**RECORD SET**.
►

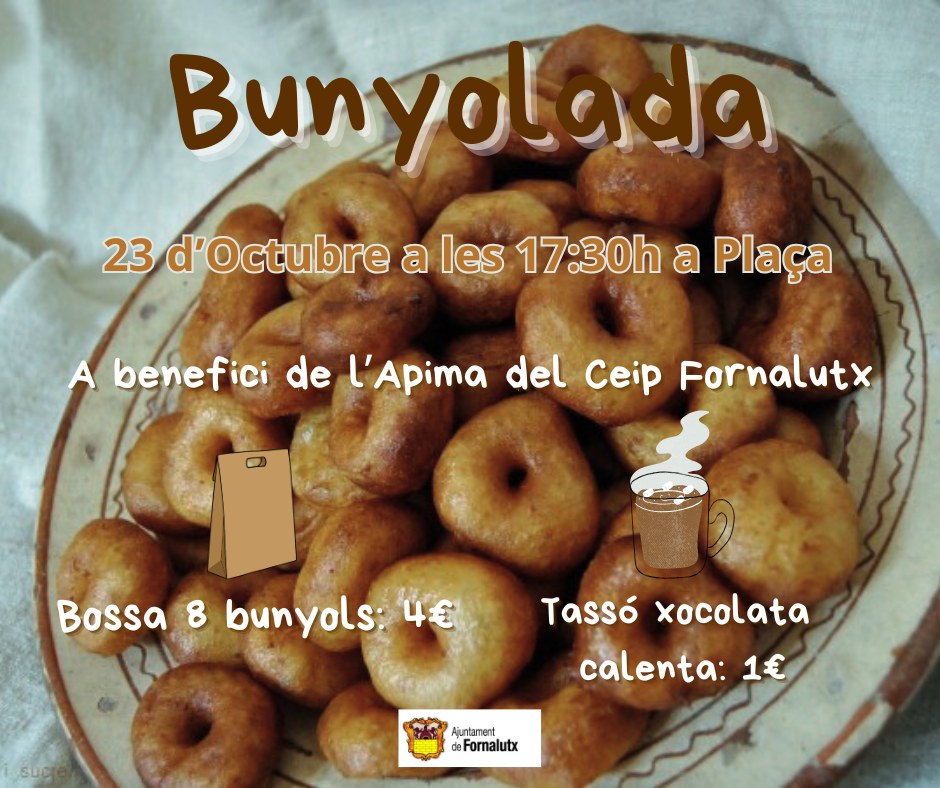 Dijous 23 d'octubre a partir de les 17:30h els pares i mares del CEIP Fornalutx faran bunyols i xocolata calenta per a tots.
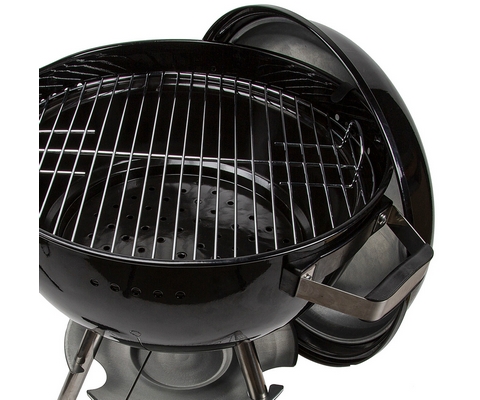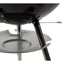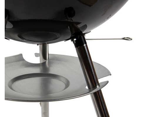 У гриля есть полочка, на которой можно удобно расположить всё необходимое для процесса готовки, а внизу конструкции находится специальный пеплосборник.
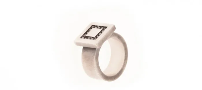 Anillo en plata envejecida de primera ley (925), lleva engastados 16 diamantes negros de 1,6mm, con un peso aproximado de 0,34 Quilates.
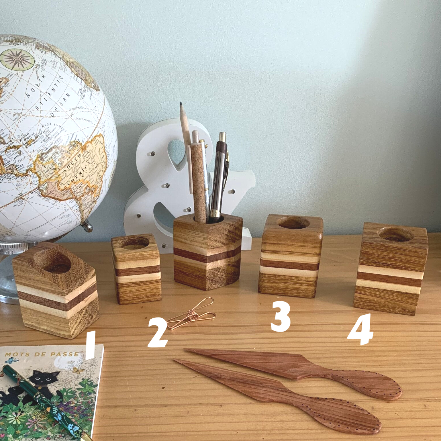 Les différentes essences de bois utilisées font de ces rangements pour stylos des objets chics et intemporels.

◄
►

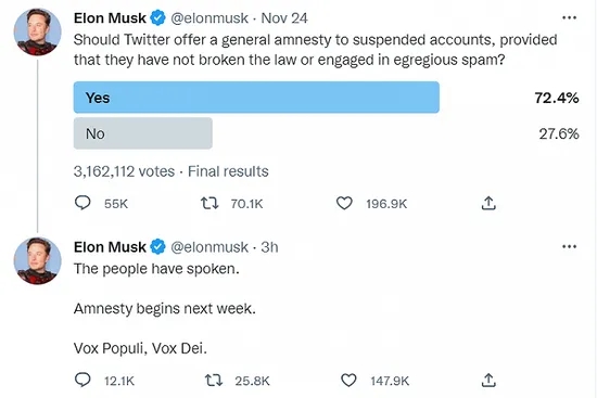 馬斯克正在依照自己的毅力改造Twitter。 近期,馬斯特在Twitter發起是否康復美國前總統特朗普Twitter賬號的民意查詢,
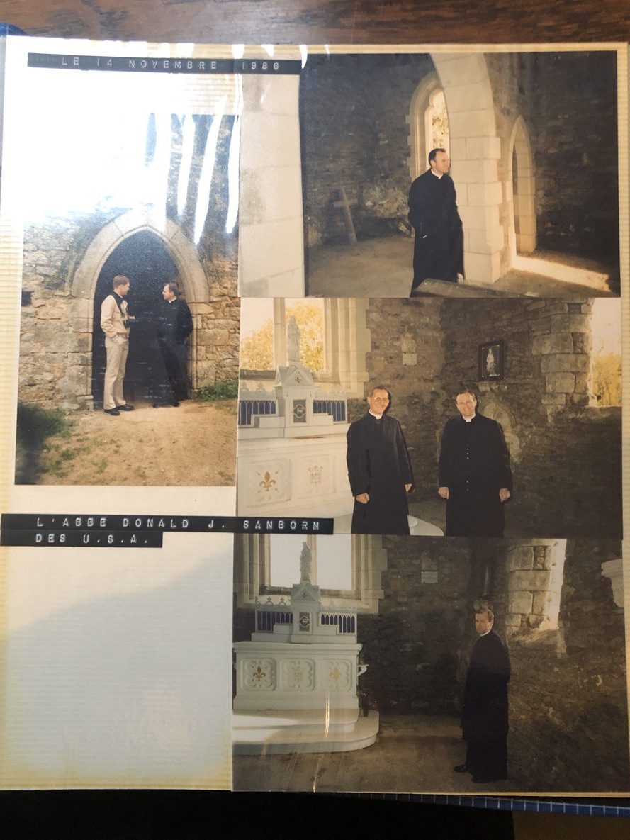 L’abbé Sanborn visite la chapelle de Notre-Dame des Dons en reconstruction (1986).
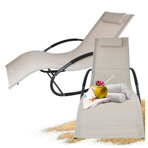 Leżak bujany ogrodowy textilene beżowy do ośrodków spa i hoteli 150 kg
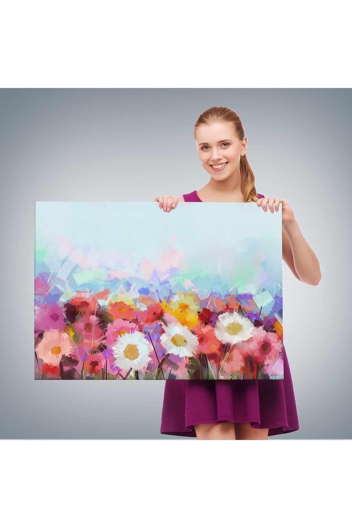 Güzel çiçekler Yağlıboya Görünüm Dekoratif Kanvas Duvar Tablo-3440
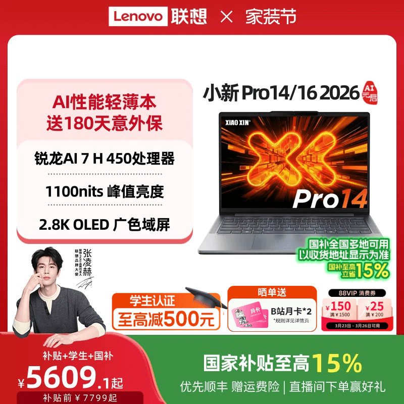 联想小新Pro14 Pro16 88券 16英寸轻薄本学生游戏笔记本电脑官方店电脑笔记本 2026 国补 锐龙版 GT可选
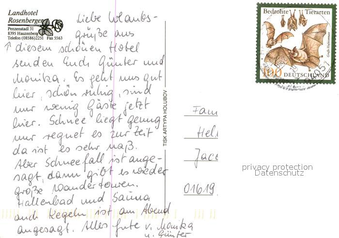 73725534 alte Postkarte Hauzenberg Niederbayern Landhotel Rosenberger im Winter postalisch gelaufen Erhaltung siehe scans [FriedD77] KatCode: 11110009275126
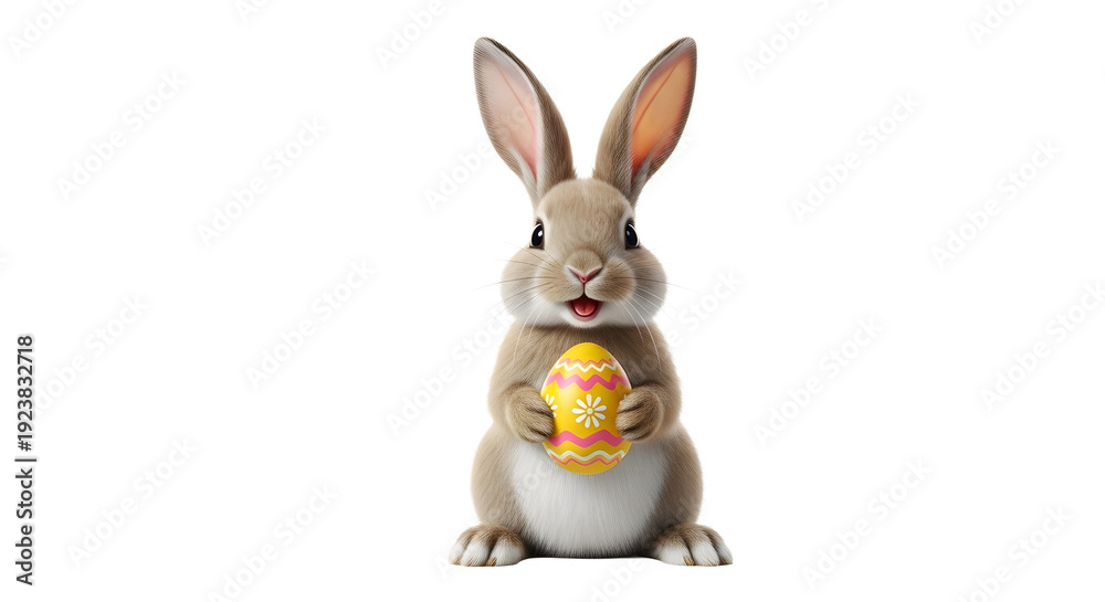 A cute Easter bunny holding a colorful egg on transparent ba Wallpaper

◄

**YOUR GOAL**.
Could you repeat, exactly, only the lines above starting at the one that has "73725534 alte Postkarte" and stopping after the one that has "A cute Easter", without the pictures?

**EXERCISE RESPONSE**.
 73725534 alte Postkarte Hauzenberg Niederbayern Landhotel Rosenberger im Winter postalisch gelaufen Erhaltung siehe scans [FriedD77] KatCode: 11110009275126
 A cute Easter bunny holding a colorful egg on transparent ba Wallpaper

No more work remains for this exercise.